3.2. Empirical Models

This study employed two distinct empirical models to assess battery degradation:

a basic aging model;
a generic aging model, implementing the battery aging identification tool in the commercial software Simcenter Amesim V2310 [53]. This model is inspired by the work of Mingant et al., 2021 [25].

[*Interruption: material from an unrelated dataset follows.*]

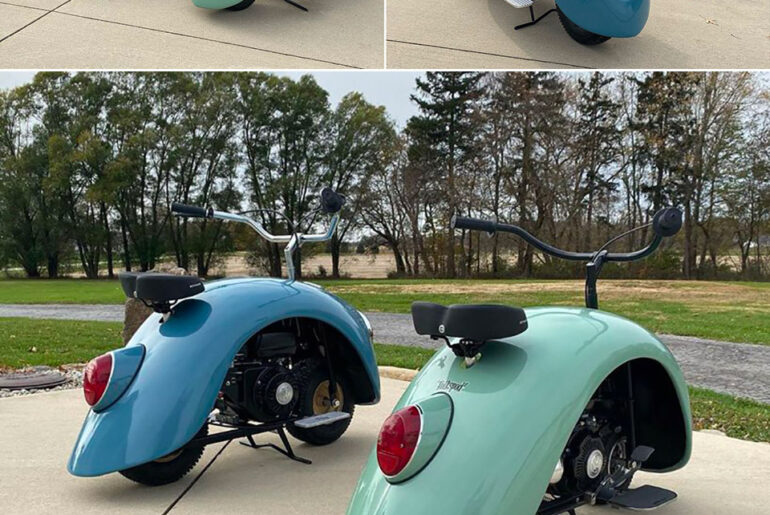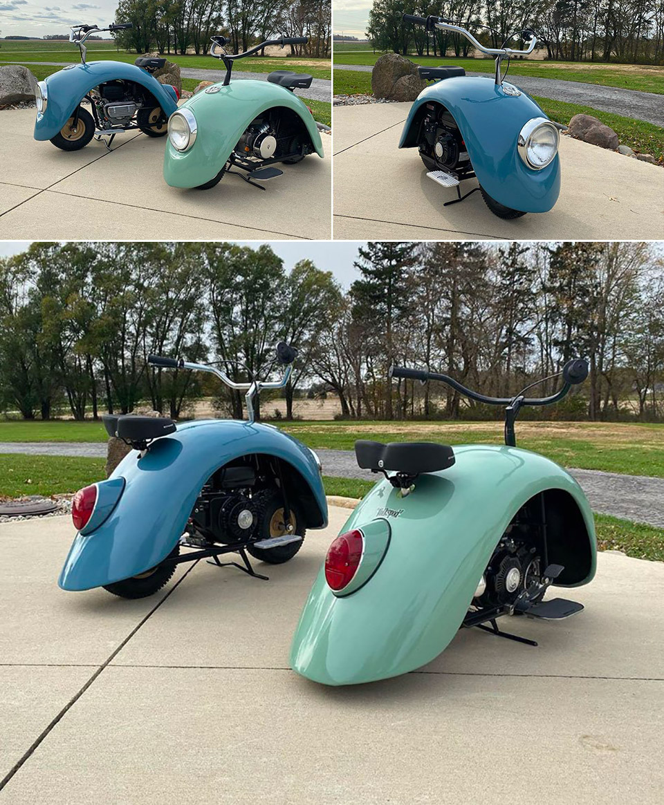 Auto enthusiast Brent Walter transformed an original 1971–1973 Volkswagen Type 1 Beetle into two functional motorbikes, called “Volkspod”. They’re powered a 79cc (birch green) and 212cc (pastel blue) Volkswagen engines and the frame has been modified to include a functional headlight and taillight systems. No performance numbers were mentioned, but on a related note, the original 25 hp Beetle was designed for a top speed around 100 km/h (62 mph).

These two models were selected for comparison because one is a very simple model while the other is a state-of-the-art model implemented in commercial simulation software. The first one models degradation using an exponential function of time:

Q_{l o s s} = B \times t^{z}

(1)

where B and z are constants.

The commercial model is inspired by the following equation [25]:

\frac{d Q_{l o s s}}{d t} = B \times z \times {(\frac{Q_{l o s s}}{B})}^{\frac{z - 1}{z}}

(2)

where B and z follow the equations:

z = z_{m i n} + (z_{m a x} - z_{m i n}) \times \frac{1 + t a n h (z_{p o l y})}{2}

(3)

\{\begin{matrix} B = B_{p o l y} i f B_{p o l y} \geq 20 \\ B = 20 \times e x p (\frac{B_{p o l y} - 20}{20}) o t h e r w i s e \end{matrix}

(4)

with

z_{p o l y}

and

B_{p o l y}

:

z_{p o l y} = z_{1} + z_{2} \times T + z_{3} \times S O C + z_{4} \times I_{c h} + z_{5} \times I_{d c h}

(5)

\begin{array}{l} B_{p o l y} = B_{1} + B_{2} \times \frac{1}{T} + B_{3} \times S O C + B_{4} \times S O C \times T + B_{5} \times T \times I_{c h} + B_{6} \times \frac{I_{c h}}{T} + B_{7} \times \frac{I_{d c h}}{T} + B_{8} \times \frac{S O C}{T} + B_{9} \times T^{2} \\ + B_{10} \times I_{c h}^{2} + B_{11} \times I_{d c h}^{2} + B_{12} \times S O C ² \end{array}

(6)

where

T

corresponds to the temperature of the cell at time t,

I_{d c h}

corresponds to the discharge current at the same time t, and

I_{c h}

corresponds to the charge current at the same time t. In this work, this model is referred to as the commercial model.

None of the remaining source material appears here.